A nine-zap stack broke every Friday at 22:00. We replaced it with one Inngest workflow on Drizzle, and the Meta token rotation stopped paging the ops lead at midnight.

Jacob Molkenboer· Founder · A Brand New Company· 29 Jun 2025· 10 min
Brass relay switch wired with copper threads to a paper slip with green tab, beside leather blotter and red wax seal.

It was 22:14 on a Friday in late May when the operations lead at a Utrecht media-buying agency reached for her phone. The Zapier dashboard had been red since 19:30. LinkedIn Campaign Manager kept returning 429s, the Meta token had flipped to expired three hours after the system user was rotated by IT, and a TikTok daily-budget bump for a Dutch insurance client was waiting on someone to figure out which of nine zaps was supposed to own it. She paged the founder. The founder paged us.

What follows is the playbook we used to take that stack from nine brittle zaps to one Inngest workflow backed by a Drizzle schema. The agency runs paid media across Meta, TikTok, LinkedIn, and Google for around 80 active clients. They are 27 people. They had no engineers on staff. The brief was simple: stop the Friday pages, keep the same humans in control of the same campaigns.

How nine zaps become one outage

The original setup was honest. Every channel had a zap. Budget updates had a zap. End-of-day reporting had a zap. A separate zap reconciled the budget update with the reporting export. The accounting team had their own zap that read from a Google Sheet that another zap wrote to. Nine in total. Each one had been built by a different person over four years, and every one of them shared state through a Google Sheet.

This works until something rotates a token or a vendor changes a rate-limit window. Then you discover three things at once. First, none of the zaps know what the others did. Second, retries in Zapier do not survive across zaps, so if step three of zap B fails, the work zap A already pushed is not idempotent. Third, the failure email lands in a shared inbox that nobody reads after 18:00 on a Friday.

The agency had been compensating by hiring. Two ops people had their calendars blocked Mondays and Wednesdays to re-run failed automations by hand. That is the real cost of a Zapier sprawl: a salary you pay forever for work that should not exist.

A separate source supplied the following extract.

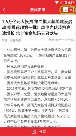 1、打开软件,在资讯界面的找到要闻、风口机会、投顾、股票,这四个资讯都有支持调节字体大小的功能,基本设计在右上角;

What durable execution actually means

The core idea behind Inngest's step model is that every step in your function is checkpointed. If your code crashes between steps, the runtime resumes from the last successful one. If a step throws, the runtime retries that step (not the whole function) with the backoff you configured. Each step's result is durable, which means the next step can read it without re-doing the work.

For media-buying automation this maps cleanly. A campaign update is: fetch a token, push a write, log the result. If the write succeeds and the log fails, you do not want to push the write again. With Inngest, you don't. With Zapier, you do, and now your client's daily budget is doubled.

The same model is available in Temporal and AWS Step Functions. We picked Inngest because the agency had no DevOps appetite. It runs as a hosted service, accepts plain TypeScript, and the local dev server boots in under a second. For a 27-person shop without engineers, that mattered more than any feature.

One typed state store

Before any function got written, we put one Postgres database in front of the whole stack and modelled it with Drizzle. Every campaign, every token, every budget change, every push result lives in one place. The schema is roughly fifty lines.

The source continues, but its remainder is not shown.